Now, it may very well be that OCLC’s business interests and ongoing, long-term viability mean that it’s just not possible to provide for an environment supporting that kind of agile sharing and innovation. I suppose that’s a decision for OCLC to make. But I don’t think OCLC neccesarily realizes the trade-off being made here — we developers aren’t unhappy with the record use policy restrictions just out of spite, or because we want to ruin OCLC’s sustainability or viability (most of want no such thing). We’re unhappy because it really is a barrier to innovation, because many things we’d like to do will end up remaining undone.

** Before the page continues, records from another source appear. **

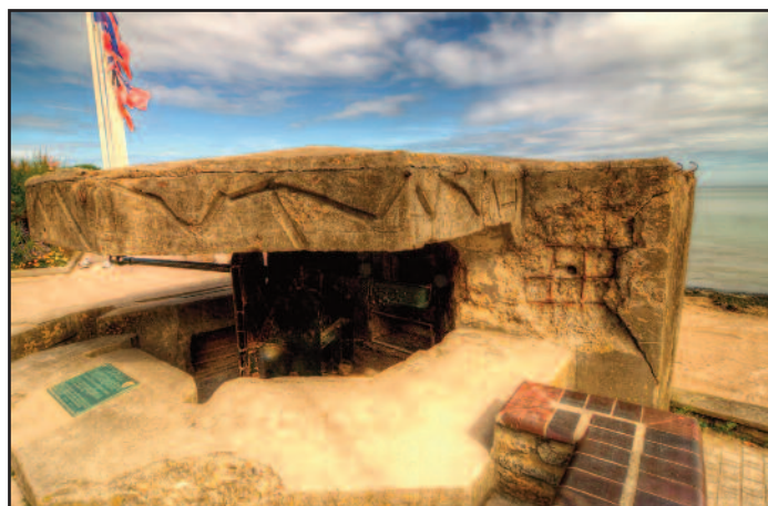
A German Antitank Gun overlooks the beach at Saint-Aubin-sur-Mer, Normandy, with its 50mm Canon still intact.

THANK YOU , lads and ladies, and my heartfelt condolences to the families who lost their loved ones for our freedom and betterment of life.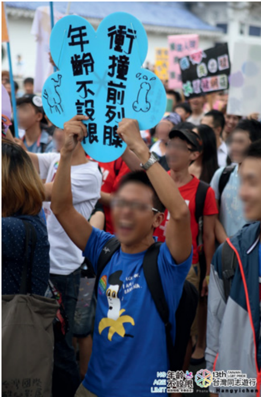
Figure 15 Taiwan LGBT+ Pride 2015.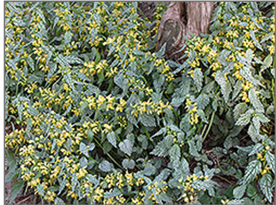
Hermann's Pride Yellow Archangel in bloom

This plant does best in partial shade to shade. It is an amazingly adaptable plant, tolerating both dry conditions and even some standing water. It is considered to be drought-tolerant, and thus makes an ideal choice for a low-water garden or xeriscape application. It is not particular as to soil type or pH. It is highly tolerant of urban pollution and will even thrive in inner city environments. This is a selected variety of a species not originally from North America. It can be propagated by division; however, as a cultivated variety, be aware that it may be subject to certain restrictions or prohibitions on propagation.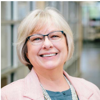
State Senator Rosemary Bayer

(And when I say “I suppose that’s a decision for OCLC to make”, really, as a member cooperative, that’s a decision for OCLC’s members to make, and I’m not sure the administrators at OCLC member institutions realize the trade-off either.)
Robin Murray says:

December 31, 2010 at 08:33

John’s post makes thoughtful observations on the bibliographic environment and the developments needed in this rapidly changing space. John makes some general directional statements, which I can only agree with. He also makes comments and challenges on how OCLC is, and should be, acting to address the requirements of this emerging ecosystem. Being deeply involved in OCLC’s efforts in this space, I have a naturally different vantage point from which to view OCLC’s activities.

On the OCLC Blog at:
http://community.oclc.org/cooperative/2010/12/perspectives-on-worldcat.html

I have taken the opportunity to post a reasonably lengthy response to these challenges and hopefully provide more context to OCLC’s activities and direction.
MJ Ray says:

January 1, 2011 at 18:46

It’s great to see some OCLC folks here, but I’m a bit disappointed that Robin Murray has split the venue of the discussion.

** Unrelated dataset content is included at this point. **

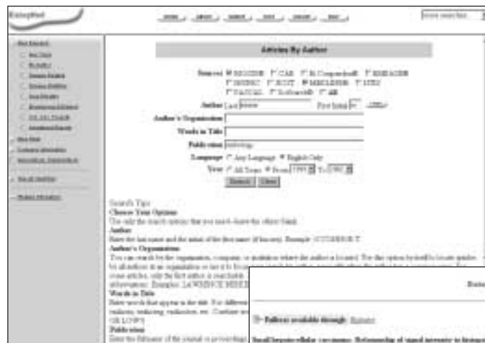
Step 1 Perform a search in DialogMed.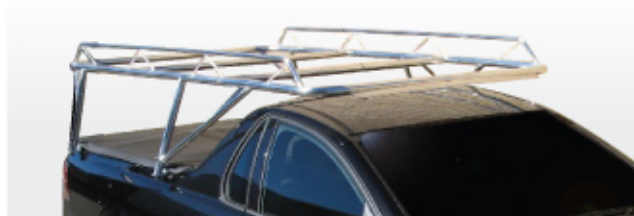
Single Cab Well Body MR AL01

maxiRACK is structurally designed for the heavy duty end of the industry. Expert design and cleverly engineered bracing principles reduce the overall rack weight, maximising it's carrying capacity.

Fundamentally, what I don’t understand, is how OCLC reconciles its fairly-closed management of WorldCat with cooperative values and principles. WorldCat looks a bit like an attempt to enclose a commons and become a landlord who can sustain themselves from it, in a perversion of the idea of sustainability. It’s worrying that OCLC folks write about “a club good” instead of “a common good” and “rights and responsibilities” instead of “values and principles”. Does OCLC educate its members about co-ops? Does OCLC distribute a social report to its members? How does WorldCat appear in those lessons and reports?
Ed Summers says:

March 28, 2011 at 12:23

Really nice post John. While it may seem that this dump of data is “inferior” I would just like to stress how it is a really, really important first step. It gets you over the hump of deciding what to release, who to release it to, and how to release it — which typically seem to be the hardest bits.

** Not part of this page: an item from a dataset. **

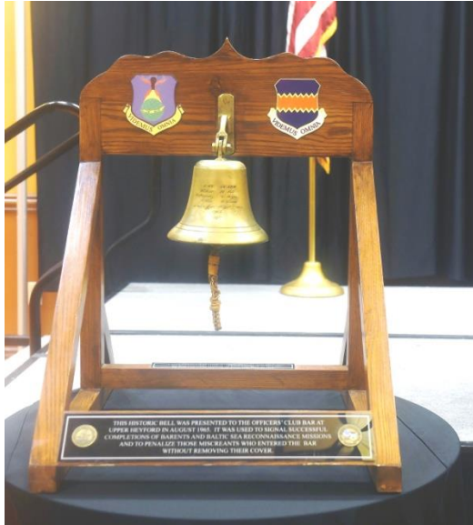
The 55 th Wing Ceremonial Bell

Now that you’ve got past that, I would encourage you to look at some simple feed based approaches to making updates available. My preference is for Atom since it’s a IETF standard, and widely deployed. It has paging mechanisms (similar to OAI-PMH’s rwesumption tokens) for large responses. Speaking of PMH, I know UMich has invested heavily in it in the past. But if I were you I’d leap frog that particular library-centric technology and join the Atom folks.